Judul: Menaklukkan Maut
Penulis: Josh Bazell
Penerjemah: Putri Dewi M.R.
Penerbit: Esensi
Jumlah Halaman: 348
ISBN: 9789790991460 

Dr. Peter Brown, sebelumnya bernama Pietro Brnwa, bukanlah seorang dokter biasa. Masa lalunya terbilang kelam. Semua diawali dengan tebunuhnya kakek nenek Brown, dan Pietro, berusaha mencari sang pembunuh untuk balas dendam. Dalam pencariannya itu, ia berteman akrab dengan Adam 'Skinflick' Locano, putra David Locano, pengacara sekaligus sorang anggota mafia. Dari David pula, Pietro mendapatkan nama tersangka pembunuh kakek-nenaknya, kakak beradik Joe dan Mike Virzi, malah menugaskan Pietro melakukan misi pembunuhan kepada Virzi bersaudara dengan imbalan. Setelah berhasil melakukan balas dendam, berulangkali Pietro diberikan tugas oleh David, untuk berulangkali melakukan pembunuhan, dan hal inilah yang membawa Pietro ke dalam kehidupan sebagi seorang mafia.

Namun sebuah perselisihan muncul antara Pietro dengan Skinflick, yang hampir mendatangkan maut buat Pietro, dan untuk menghindari kejaran mafia, Pietro mengikuti perlindungan saksi, dan melarikan diri sebagai seorang dokter di sebuah rumah sakit, dengan nama baru Peter Brown. Malang didapat, ketika salah satu pasien yang yang diperiksa Pietro adalah anggota mafia yang dekat dnegan David dan Skinflick, yang segera membocorkan keberadaan Pietro. Mengakibatkan nyawa Pietro terancam. Bisakan Pietro kembali lolos dari maut?

Saya suka dengan bagaimana Bazell mengambil cara untuk menuliskan buku yang berjudul asli Beat the Reaper ini. Kisah diawali dengan kehidupan Pietro di bab awal langsung sebagai dr. Brown di rumah sakit, dan pergantian babnya menceritakan kisah Pietro sebelum menjadi dokter, kemudian berulang-ulang. Dengan latar cerita yang maju-mundur ini membuat saya merasakan aroma ketegangan dari buku ini.

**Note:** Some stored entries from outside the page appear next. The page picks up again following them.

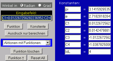auf "Konstante" oder durch Drücken der Enter-Taste werden alle übernommenen Werte
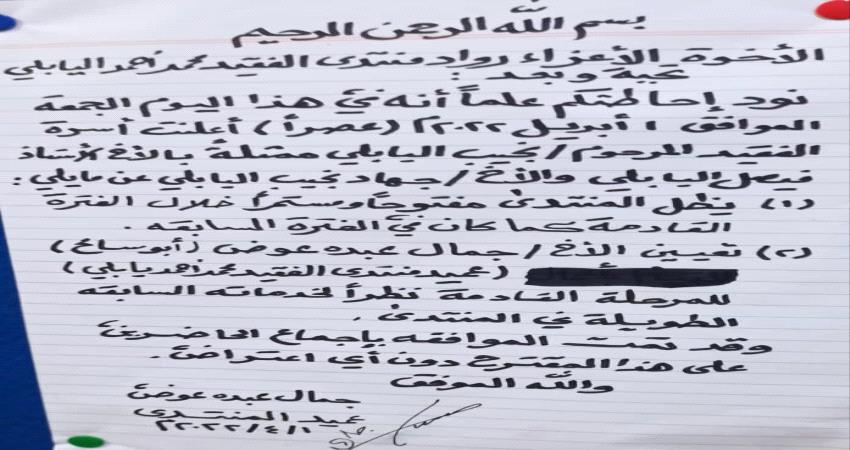 ثانيٱ : تعيين الاخ جمال عبده عوض * ابو سامح * عميدٱ لمنتدى الفقيد محمد احمد اليابلي الثقافي الاهلي خلفٱ للفقيد الراحل نجيب يابلي في المرحلة القادمة نظرٱ لخدماتة السابقة والطويلة في المنتدى .
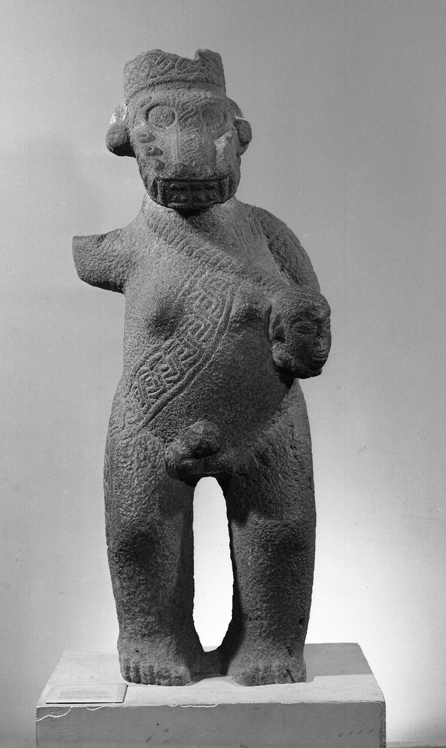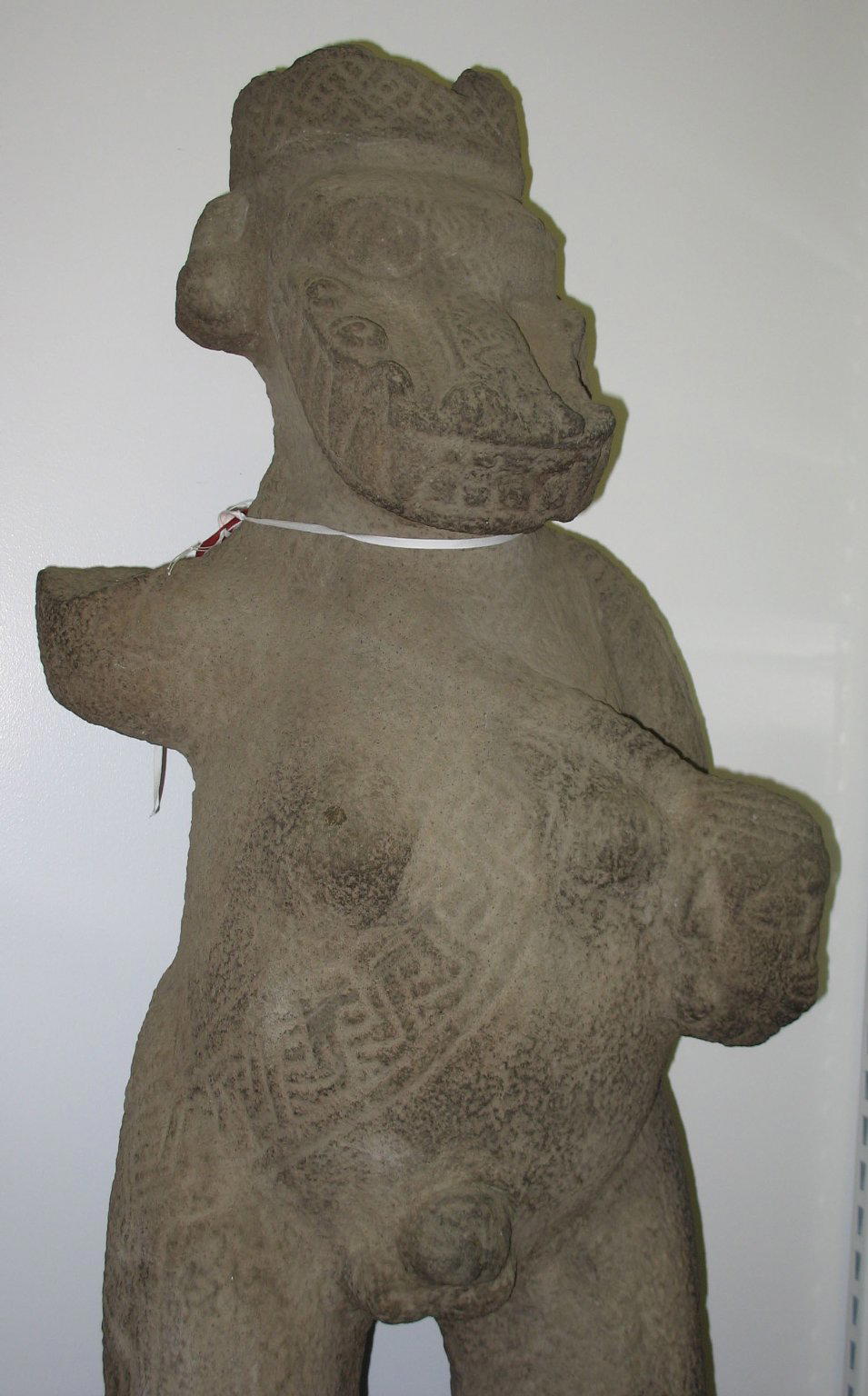 This statue was made between the 8th to the 11th century by the indigenous people in the Central Caribbean in the region of Costa Rica. It represents a male warrior wearing a crocodile mask. The figure has pronounced breasts and male genitalia. His right arm is broken and missing but appears to have been flexed upward, probably holding an axe similar to other sculptures of this genre. The carved and incised crocodilian head has a broad, flat snout with visible fangs and teeth. Scholars suggest that the statue could have been used as a kind of mask during ritual.Stone?
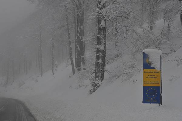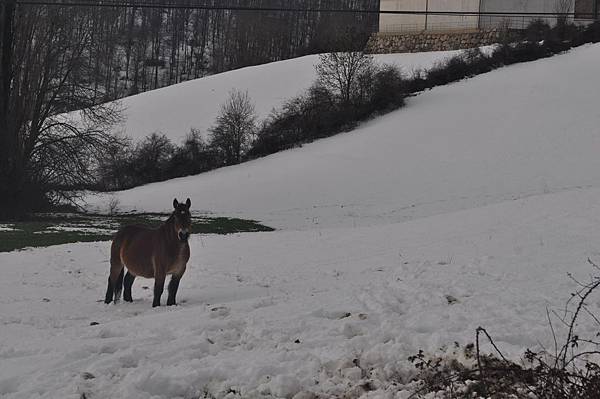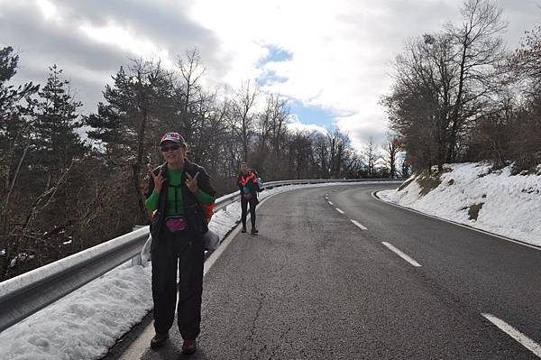 我們必須走在公路上因為小徑都積雪了!
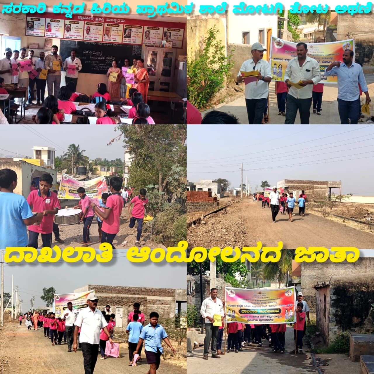 ಬೆಳಗಾವಿ ಜಿಲ್ಲೆ ಅಥಣಿ ತಾಲೂಕಿನಲ್ಲಿ ಶಿವಯೋಗಿ ನಗರದಲ್ಲಿ ಸರಕಾರಿ ಕನ್ನಡ ಹಿರಿಯ ಪಾಥಮಿಕ ಶಾಲೆ ಮೋಟಗಿ ತೋಟ ಶಾಲೆ ದಾಖಲಾತಿ ಶಿವಯೋಗಿ ನಗರದಲ್ಲಿ ಪ್ರಮುಖ ರಸ್ತೆಯ ಮೂಲಕ ಸಂಚರಿಸುತ್ತಾ ಘೋಷಣೆ ಕೂಗುತ್ತಾ ಮಕ್ಕಳನ್ನು ಶಾಲೆಗೆ ಕಳುಹಿಸಿ ವಿದ್ಯಾರ್ಥಿಗಳು ಆಂದೋಲನ ನಡೆಸಲಾಯಿತು

Sayangnya, saya agak kebingungan mendapatkan penulis membuat penjelasan yang agak ekstrem, membuat footnote dua jenis sekaligus, di bawah halaman, dna di bagian akhir buku. Memang, jelas perbedaan antara footnote di bawah halaman dengan di bagian belakang buku. Dimana penjelasan di bawah halaman menyatakan opini dari Pietro sendiri untuk bagian yang dituliskan, sedangkan penjelasan di halaman terakhir menjelaskan istilah-istilah yang masih banyak belum diketahui oleh kalangan pembaca, mayoritas adalah istilah medis. Dan latar belakang penulis yang juga seorang dokter, membuat istilah-istilah medisnya banyak bertebaran, yang memang perlu penjelasan.

Yang menarik, selain menyajkan kisah fiksi berlatarbelakang kriminal, Bazell juga mengungkap kritik yang mendalam terhadap sistem kesehatan di Amerika Serikat, khusunya terkait dengan pelayanan rumah sakit. Dan mungkin kritikan ini berkait juga dengan sistem kesehatan di negara kita.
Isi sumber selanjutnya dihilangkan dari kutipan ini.